On 2013-06-21, at 2:37 PM, nathan tankus wrote:

> actually Marv, the new deal was an elite driven affair. Tom Ferguson's
> work has been quite good on this. the union movement was important but
> it was not the driving force. capital intensive businesses were
> willing to accept unions and increases in their wage bill because
> labor costs were a relatively small part of their overall cost
> structure. They were especially willing to accept these things in
> exchange for goodies like "free" trade and similar policies. the union
> movement got much stronger during this period but was still relatively
> weak in world terms.


You could say the New Deal was an elite driven affair, accepting that its 
Keynesian architects originated as a reformist faction within that elite - 
highly educated liberals and even radical intellectuals who recognized that the 
depth of the crisis required a break with economic orthodoxy and an 
unprecedented degree of government intervention. 

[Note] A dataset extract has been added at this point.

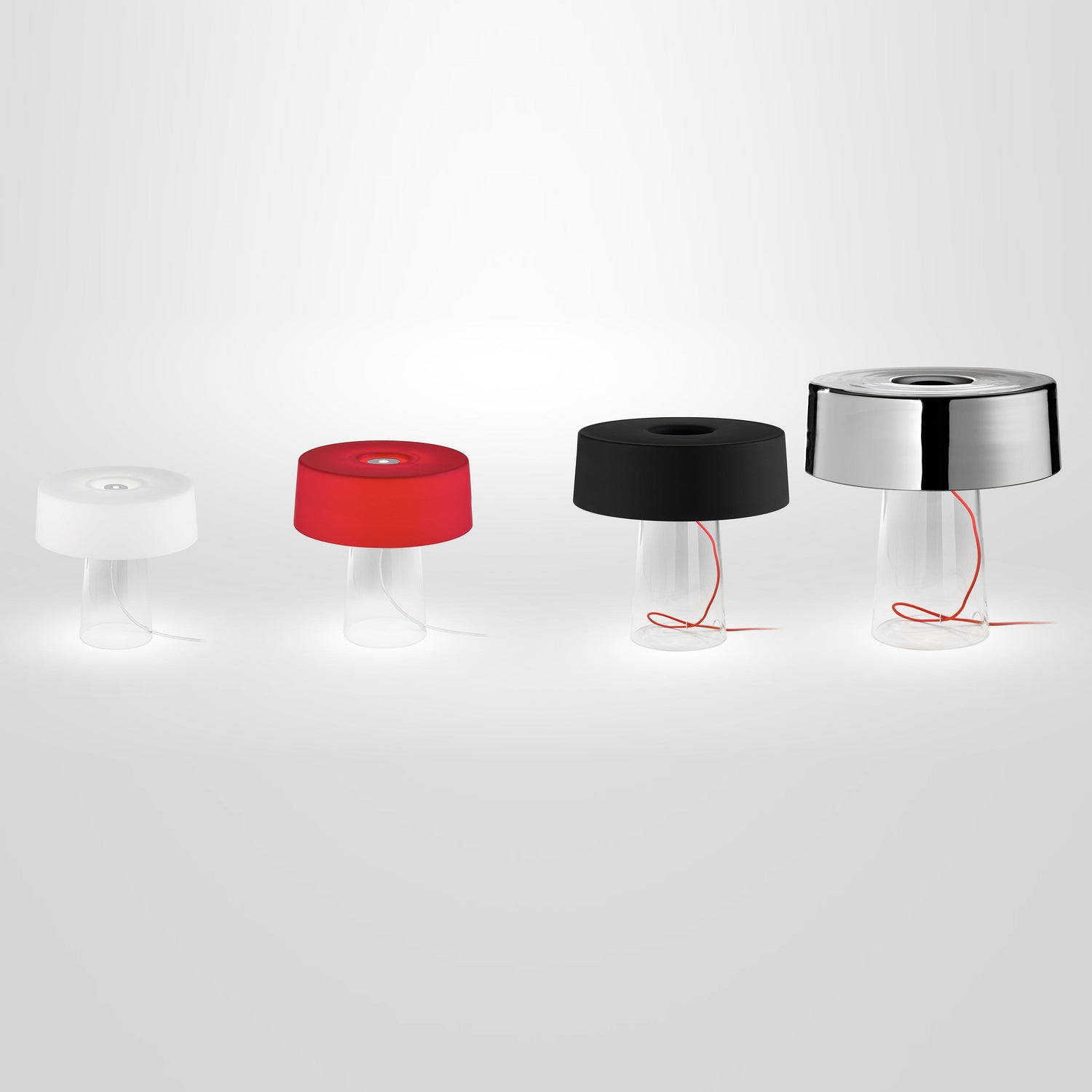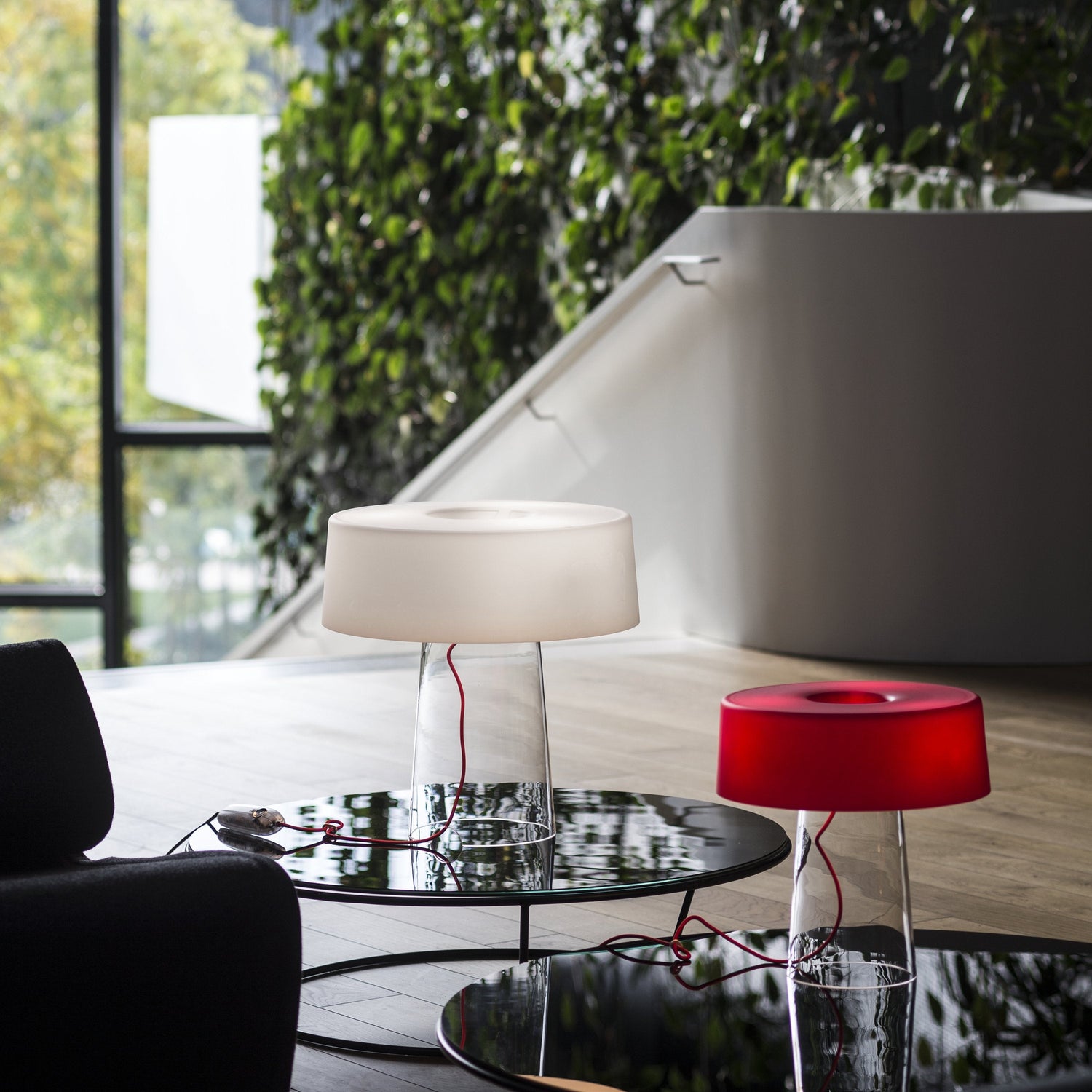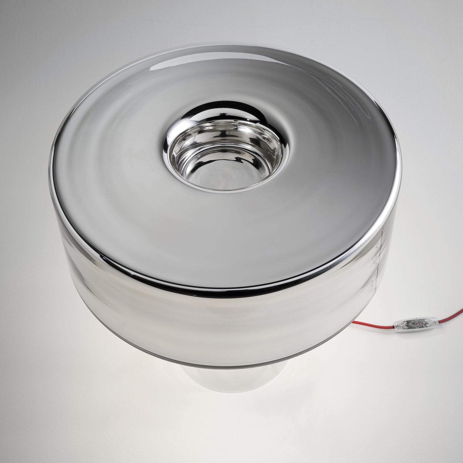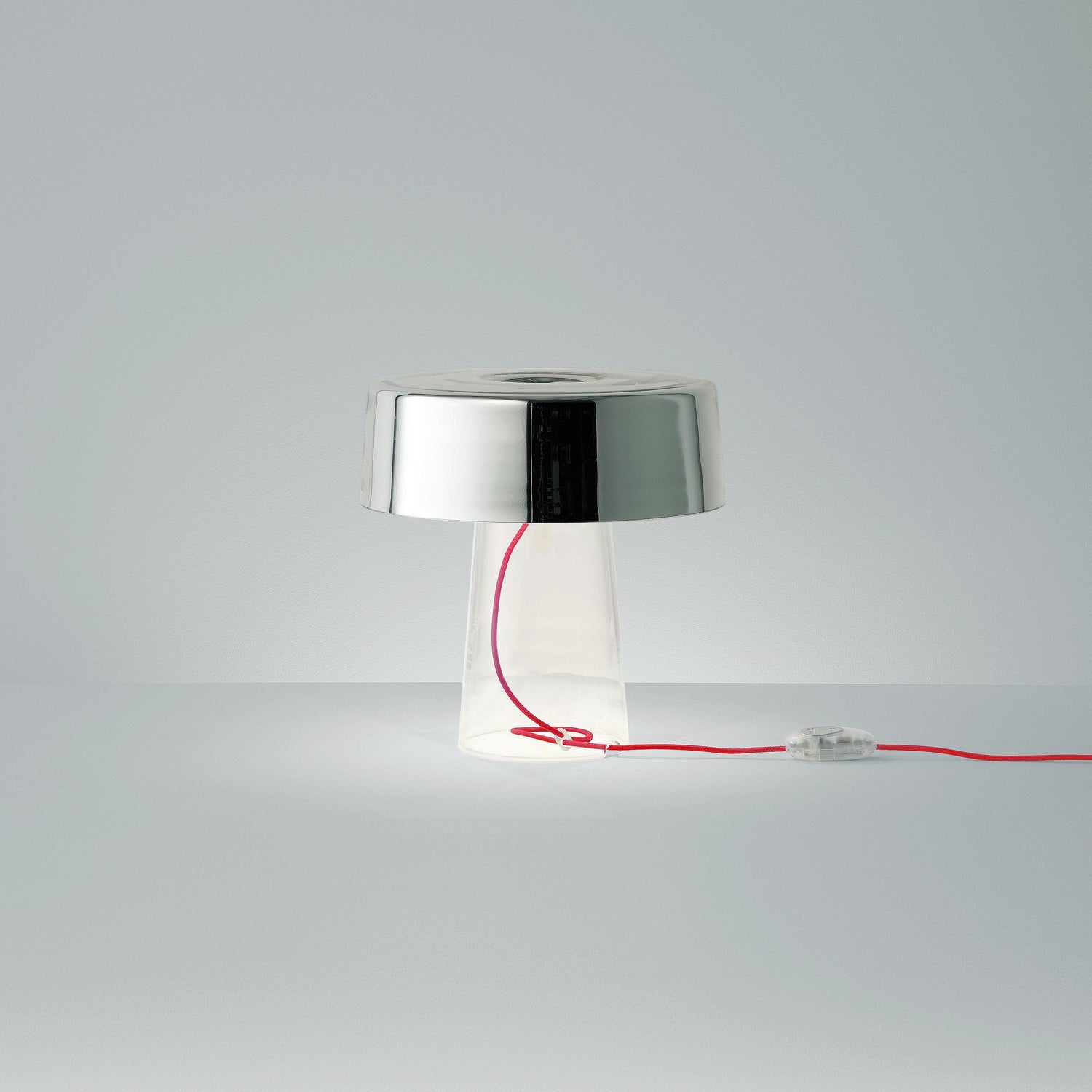 A reinterpretation of the typical table lamp, the Glam Table Lamp designed by Luc Ramael for Prandina pairs quality materials with contemporary design. Constructed from two blown glass pieces stacked on top of one another, this lamp brings a feeling that its shade is almost suspended on top. The power cord, wrapped in red polyester, brings a touch of character to offset the glam finishes of the lamp. Assisted by a built-in dimmer, this lamp is suitable as a bedside companion or as a desk-top light source to finish paperwork in style.

I haven't read Ferguson's book, but I liked his documentary on the Golden Rule 
and appreciate his journalism. But if he is viewing the condition of the 
working class and its mounting unrest in that period as only secondary and the 
policies of the Roosevelt administration as somehow independent of such 
considerations, than I think he is drawing a false separation. The movements 
from above and below were closely interwoven. Central to the New Deal were 
policies crafted to a) stimulate demand by boosting mass purchasing power 
through improved wages and new social benefits, b) curtail disruptive strikes 
and other forms of industrial action by sanctioning and institutionalizing 
union organizing and collective bargaining, and c) contain and isolate the 
Communists and other far left groups who were particularly influential in the 
key auto, steel, rubber and other mass production industries. The assertion 
that the wage bill, typically around 70% of overall costs, represented a "rela!
 tively small part" of the cost structure in this period is also surprising to 
me. Perhaps you could elaborate further.